When the carriage halted in front of Carrie's house, the driver jumped down and opened the door. To Pearl's astonishment, a man wearing a black derby climbed out and shook hands with another man she couldn't see. As the carriage departed, he turned up the walkway and she saw her father's face. Pearl knew what the derby meant. He'd become involved in something ugly, but why? Chills erupted on her skin like blisters. They popped and stung until she pressed her hands to her cheeks in horror.

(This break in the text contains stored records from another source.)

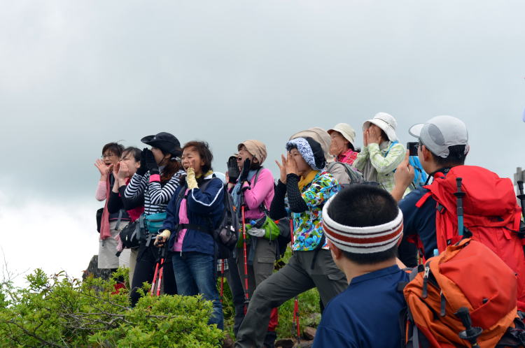 恒例のヤッホー!静かになった烏帽子岳山頂より北アルプス方面をめがけ、豪快に声を張り上げ、ファイト一発です。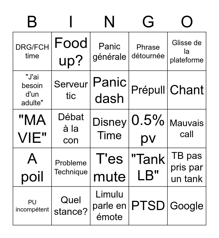 This bingo card has a free space and 24 words: Probleme Technique, Quel stance?, Panic dash, PU incompétent, Glisse de la plateforme, DRG/FCH time, "J'ai besoin d'un adulte", Food up?, 0.5% pv, T'es mute, Prépull, "MA VIE", "Tank LB", TB pas pris par un tank, Serveur tic, PTSD, Mauvais call, Panic générale, Chant, Débat à la con, Google, A poil, Phrase détournée and Limulu parle en émote.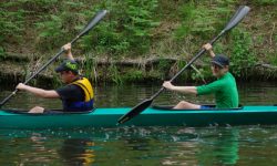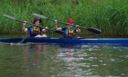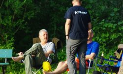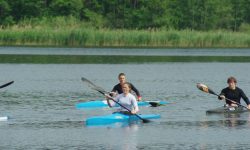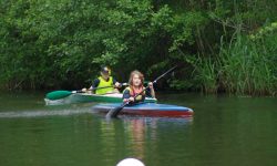Nach einem Trainingstag voller Anstrengung und Sonne hat jeder den Tag nach seine Vorstellungen ausklingen lassen: es gab ein Lagerfeuer oder auch ein Volleyballturnier und als Höhepunkt am letzten Abend das Spaßpaddeln, wo die kleinen ihre einmalige Chance nutzen konnten, sich zusammen mit den großen in ein Boot zu setzen und eine kleine runde zu Paddeln.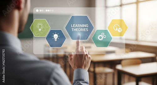 Man interacting with virtual learning theories interface in a classroom setting with desks visible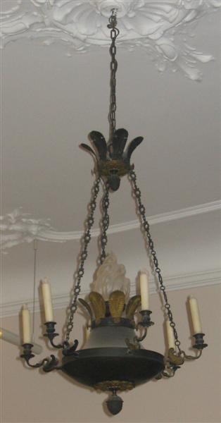 - BeschrijvingLichtkroon met zes armen, van deels verguld brons. Met glazen kap.
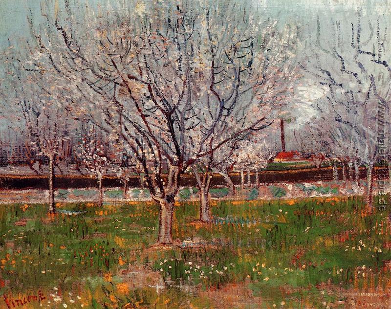 100% Handgemalte Produktion von Obstgarten in der Blüte (Pflaumen-Bäume)' von Vincent van Gogh auf Leinwand, Kunstreproduktion in Museumsqualität.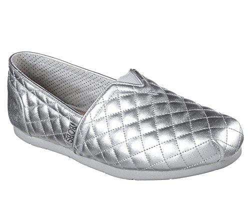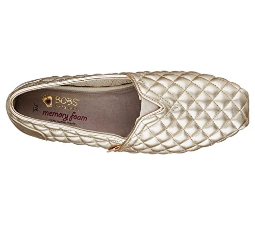 Product Description Add some gleaming style and gorgeous texture easily with the SKECHERS Luxe BOBS - Check Point shoe. Smooth metallic finish faux leather synthetic upper in slip on casual alpargata flat with stitching and overlay accents. Memory Foam insole. 0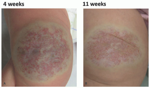 FIGURE 25-3. Rapidly involuting congenital hemangioma of the left leg (A) at 4 weeks (B) at 11 weeks.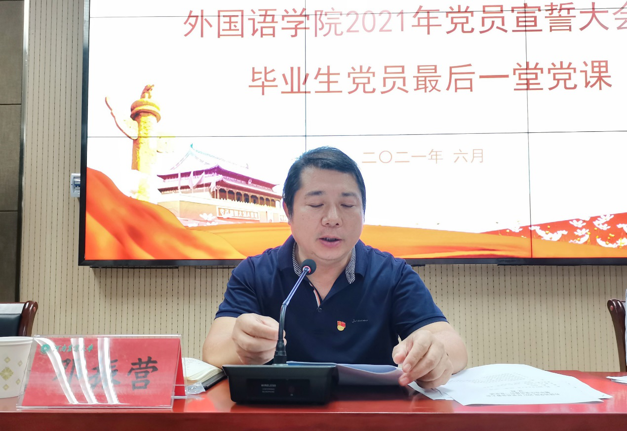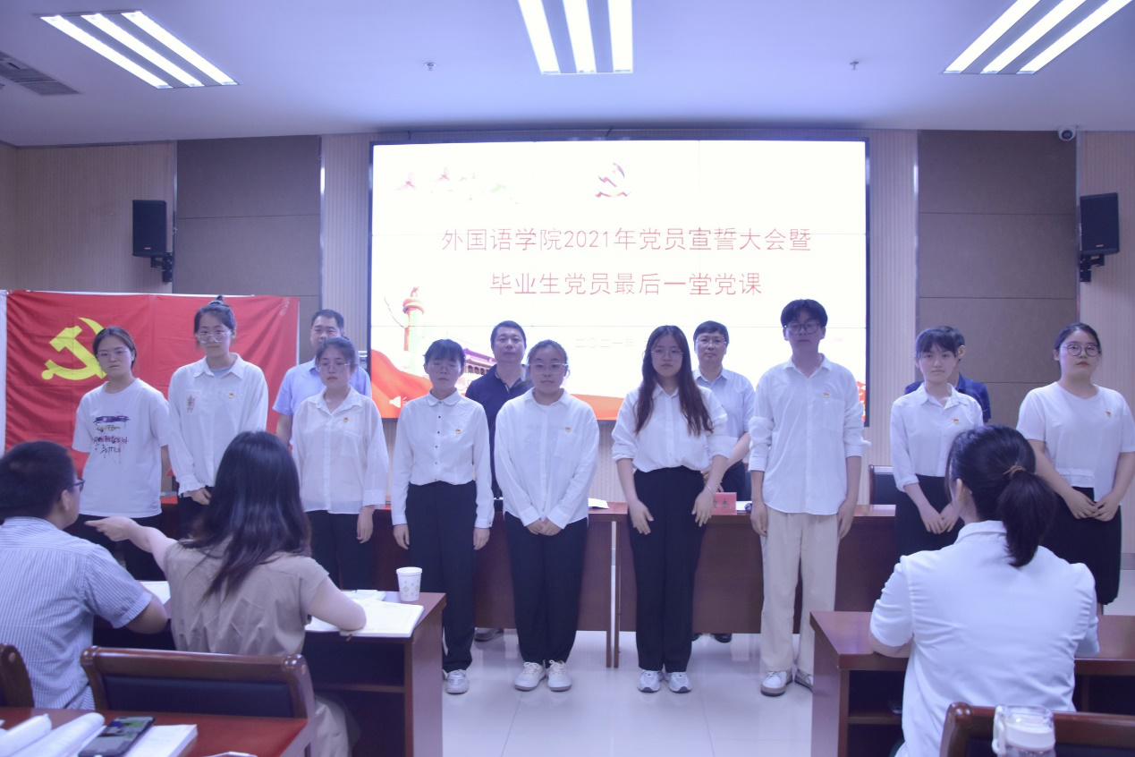 于6月7日晚举办了2021年党员宣誓大会暨毕业生党员离校前最后一堂党课。院领导班子成员,及全体学生党员参加会议。

She listened to the creak of the front door, then her father's footsteps as he climbed the stairs. After his bedroom door closed, she raced down the hall, barged into his room and shouted in a whisper,
“Are you out of your mind!”

He looked at her as if she were a stranger. “I thought you'd be asleep.”


Asleep?
How am I supposed to
sleep
when you're running around Cheyenne in the middle of the night!” She started to pace. “The Golden Order! Papa, you said yourself they're a bunch of troublemakers!”

“It's not what you think.”

She pointed at the derby he'd set on the bed. All the pieces came together. The vigilantes and the Golden Order were one and the same. “If it's not what I think, why are you wearing
that?

“Calm down, princess.”

“NO!”

Between her father's news and Jasper's prissiness, she'd had enough aggravation to last a lifetime. Adding to the
upset, Toby had screamed half the evening with colic. Most irritating of all, Matt hadn't visited the store in days. He'd walked by and looked in the window, but he'd sent Dan inside to talk to her. Even Dan had annoyed her. He'd asked her if Carrie liked stage plays. Of course Carrie liked stage plays! So did Pearl. She also liked Matt, who had forgotten about her.

She put her hands on her hips. “I don't understand, Papa. If that hat means what I think, you've lost your mind.”

“I most certainly haven't,” he replied. “But neither do I have to answer to you.”

“But—”

“I'm your father, Pearl. Not a child.”

“Papa, I'm worried about you.”

He walked to her side and spoke as if sharing a secret. “I know how this looks, Pearl. I'm asking you to trust me.”

“I want to, but I'm scared.” With good cause, she thought. “What are you doing?”

He shook his head.

She had only begged once in her life. She'd pleaded with Franklin Dean to stop unbuttoning her dress. She begged now because she feared losing her father. “Please, Papa. Tell me what's going on.”